• _Exercise_:
Take from the entries below the stretch from the line with "Matéria/Técnica: Barro vermelho" through the line with "14kt gold two emerald Marea ring", and return it exactly, leaving the pictures out.

• _Data for the task_:
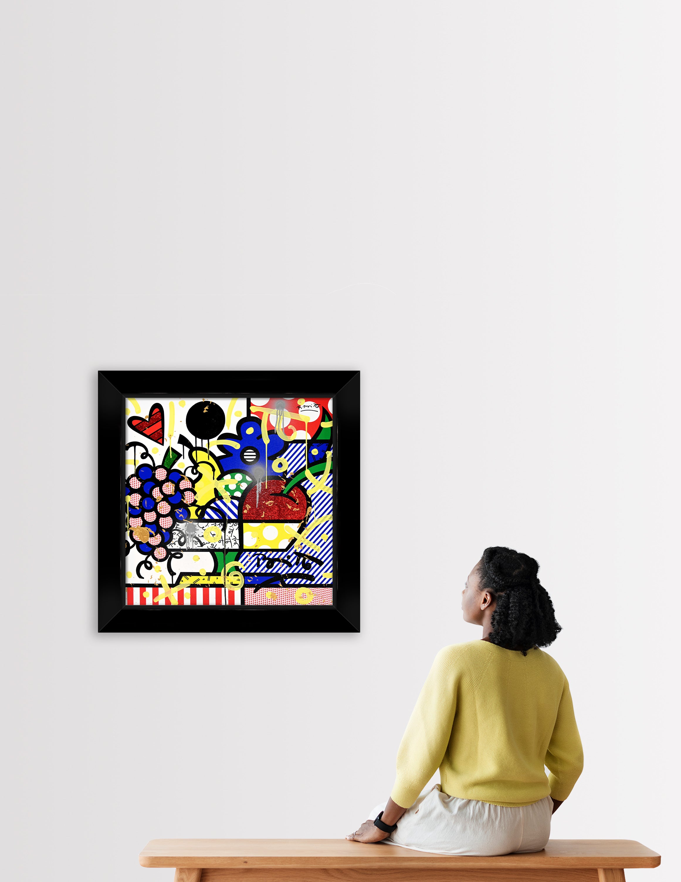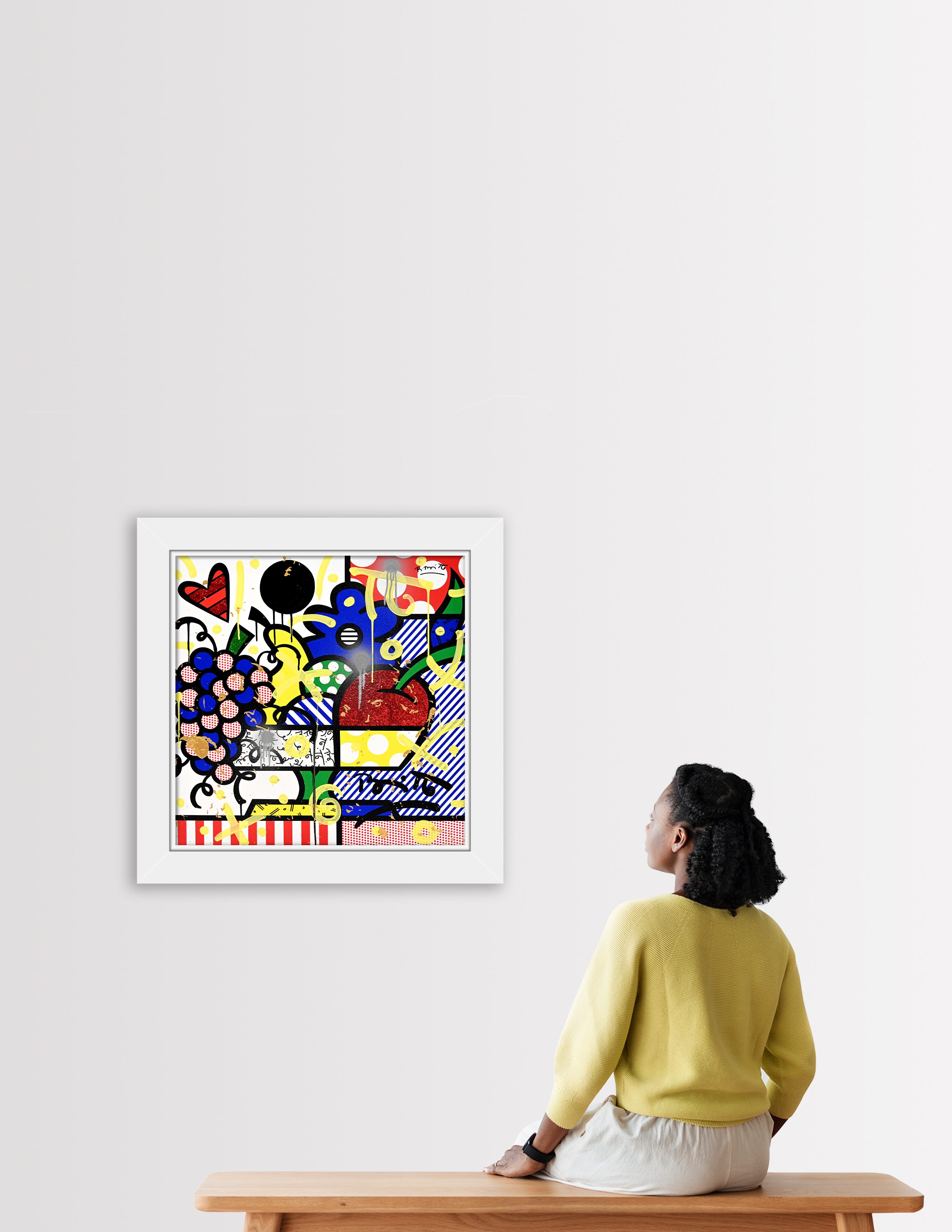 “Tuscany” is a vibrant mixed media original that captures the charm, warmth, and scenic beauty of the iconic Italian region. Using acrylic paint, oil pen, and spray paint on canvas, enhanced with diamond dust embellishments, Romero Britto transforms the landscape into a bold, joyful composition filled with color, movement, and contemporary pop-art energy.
--
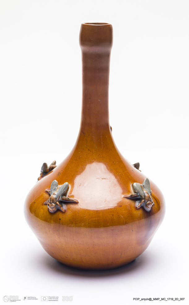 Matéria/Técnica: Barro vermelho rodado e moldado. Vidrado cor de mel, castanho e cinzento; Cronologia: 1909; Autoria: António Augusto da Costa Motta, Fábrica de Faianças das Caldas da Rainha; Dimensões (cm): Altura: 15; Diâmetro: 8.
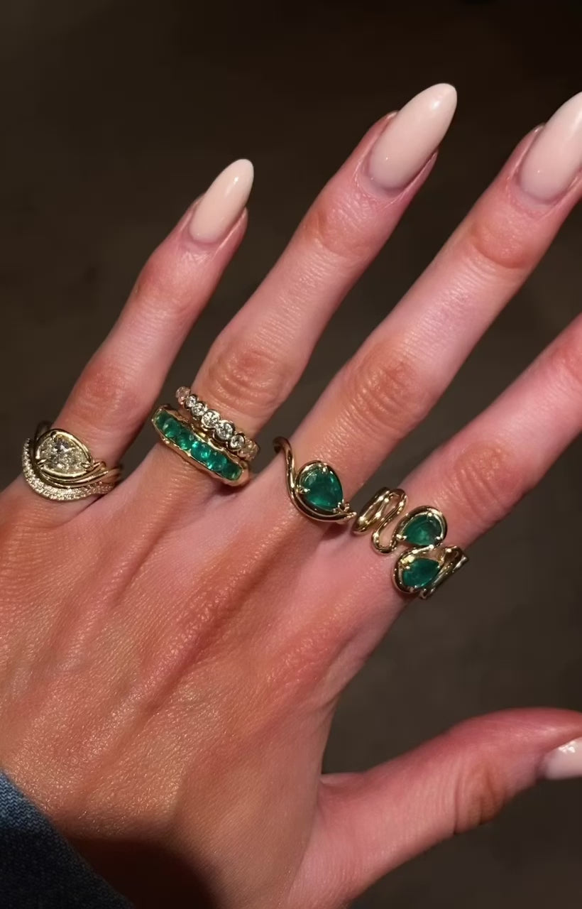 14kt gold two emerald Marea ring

• _Your solution_:
 Matéria/Técnica: Barro vermelho rodado e moldado. Vidrado cor de mel, castanho e cinzento; Cronologia: 1909; Autoria: António Augusto da Costa Motta, Fábrica de Faianças das Caldas da Rainha; Dimensões (cm): Altura: 15; Diâmetro: 8.
 14kt gold two emerald Marea ring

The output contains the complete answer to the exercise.